Records →
-------

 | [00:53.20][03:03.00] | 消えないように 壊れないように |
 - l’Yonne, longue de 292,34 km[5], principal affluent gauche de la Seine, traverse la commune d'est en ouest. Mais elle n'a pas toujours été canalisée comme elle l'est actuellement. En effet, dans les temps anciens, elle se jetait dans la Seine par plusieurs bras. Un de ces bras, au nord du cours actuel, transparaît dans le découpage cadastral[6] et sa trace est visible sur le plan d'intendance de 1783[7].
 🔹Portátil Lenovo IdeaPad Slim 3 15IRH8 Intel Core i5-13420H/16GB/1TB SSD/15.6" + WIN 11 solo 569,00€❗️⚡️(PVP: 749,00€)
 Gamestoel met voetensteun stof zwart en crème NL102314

-------

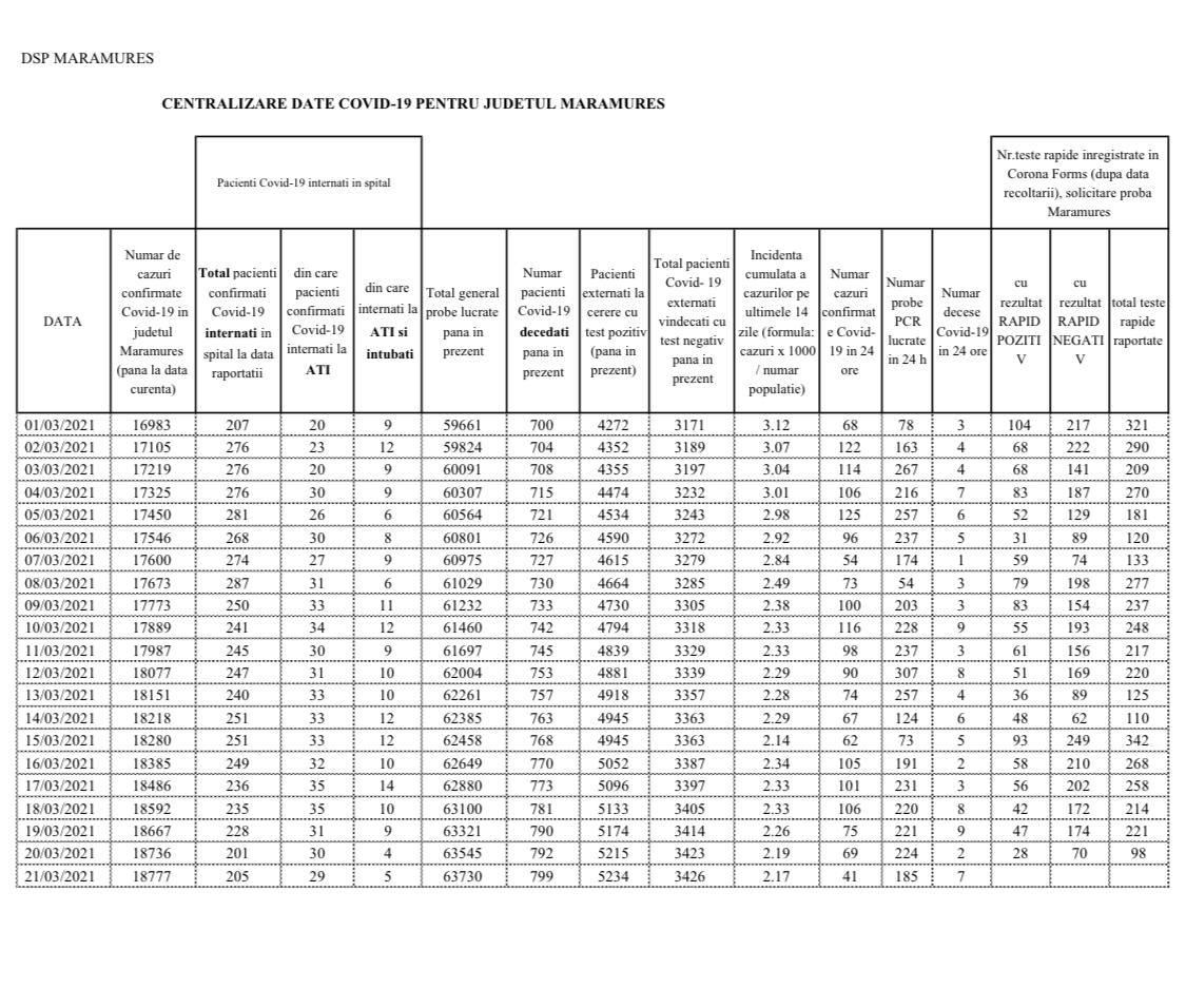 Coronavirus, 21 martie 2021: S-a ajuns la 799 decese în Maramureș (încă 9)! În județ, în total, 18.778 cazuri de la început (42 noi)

-------

Try it → Beginning at the line above with "solo 569,00€❗️⚡️(PVP: 749,00€)" and finishing at the line with "Gamestoel met voetensteun", return each line exactly and return nothing else.

Solved exercise →
 🔹Portátil Lenovo IdeaPad Slim 3 15IRH8 Intel Core i5-13420H/16GB/1TB SSD/15.6" + WIN 11 solo 569,00€❗️⚡️(PVP: 749,00€)
 Gamestoel met voetensteun stof zwart en crème NL102314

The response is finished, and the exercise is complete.